A machine learning-based framework for prognostic prediction and tumor microenvironment characterization of locally advanced cervical cancer with concurrent chemoradiotherapy.
Yue Feng, Zijian Sun, Yuqiang Li, Fang Wang, Qiyang Li, Jiahui Ma, Xiaoyong Zhang, Hui Ye, Xiaojuan Lv, Zhao Wang, Lei Shi, Zhen Zhang, Jiayu Song, Tao Feng, Haowen Li
Abstract
Open AccessAccurate prognosis prediction for locally advanced cervical cancer (LACC) after concurrent chemoradiotherapy (CCRT) is essential for individualized treatment decision making. We aimed to develop a multitask prognostic model and reveal radiomic-phenotypic associations for LACC patients after CCRT. The framework consists of (1) A deep learning-based fully automated model (DeepMR-LACC) which used T2-weighted magnetic resonance images obtained before CCRT to predict patient outcomes; (2) Proteomics profiling from paired cervical biopsy samples for tumor microenvironment characterization and radioproteomics-based risk stratification. The DeepMR-LACC predicted progression-free survival (PFS) and overall survival (OS) in training [C-indices, 0.80 (95% confidence interval, 0.75-0.84) and 0.83 (0.80-0.87)], internal test [0.67 (0.59-0.75) and 0.70 (0.61-0.78)], external test [0.69 (0.59-0.78) and 0.65 (0.55-0.76)] cohorts.
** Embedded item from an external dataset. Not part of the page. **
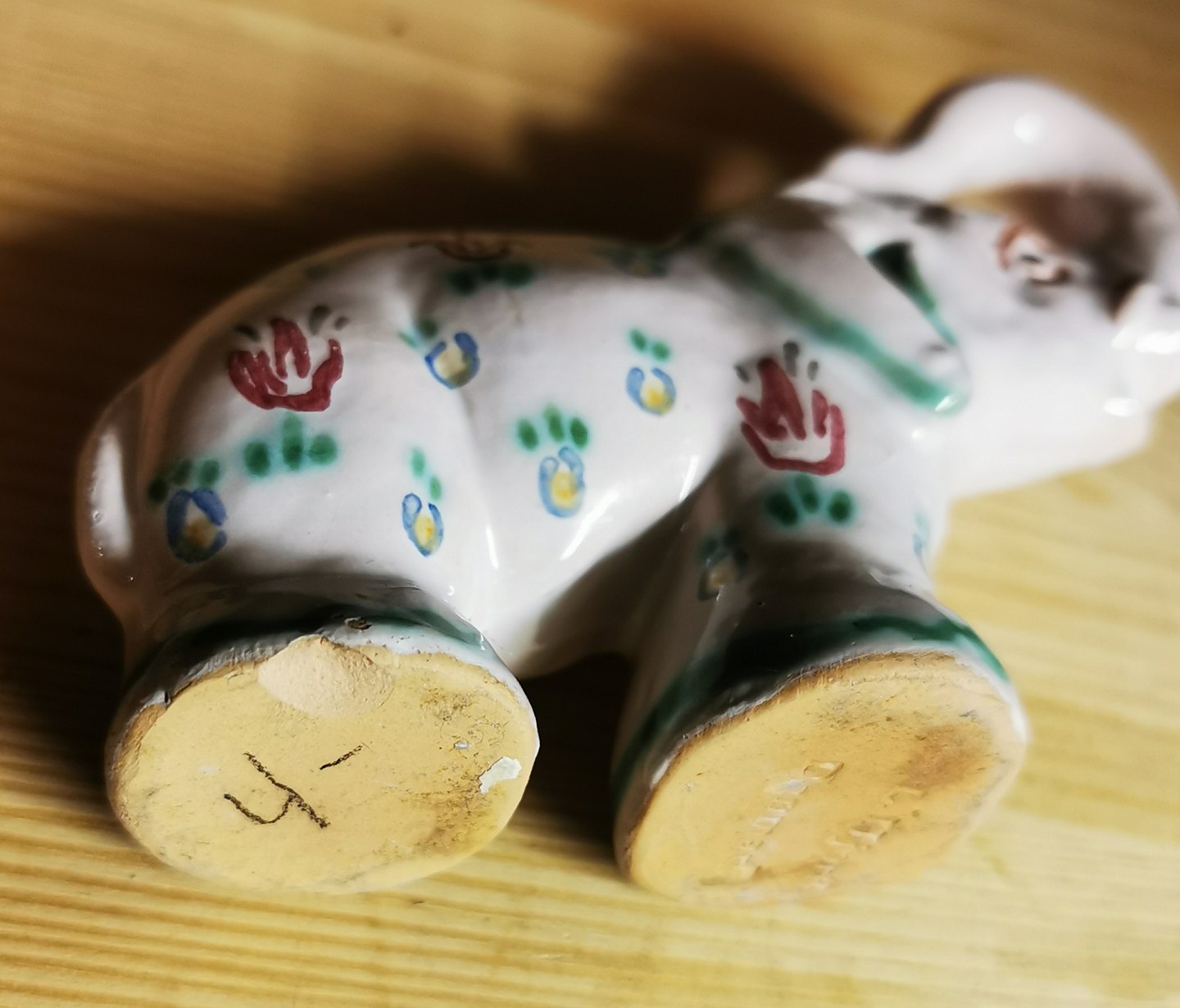 Figur i keramik af elefant fra Lauritz Hjorth, Bornholm. Bemalet med blomster. Har skår på undersiden (se foto). Fabriksmærket på undersiden. Mål: H. 7½ cm L. 9½ cm.

The DeepMR-LACC effectively stratified patients into high- or low-risk groups, outperforming current clinical risk factors. Furthermore, proteomic profiling revealed an immunosuppressive microenvironment in the high-risk group. Finally, radioproteomics-based risk stratification showed superior prognostic performance compared to the DeepMR-LACC for PFS and OS in the radioproteomics cohort [C-indices 0.85 (0.74-0.96) and 0.85 (0.73-0.96)]. The DeepMR-LACC enabled accurate prognostic prediction and in-depth tumor microenvironment characterization for LACC, aiding personalized long-term management.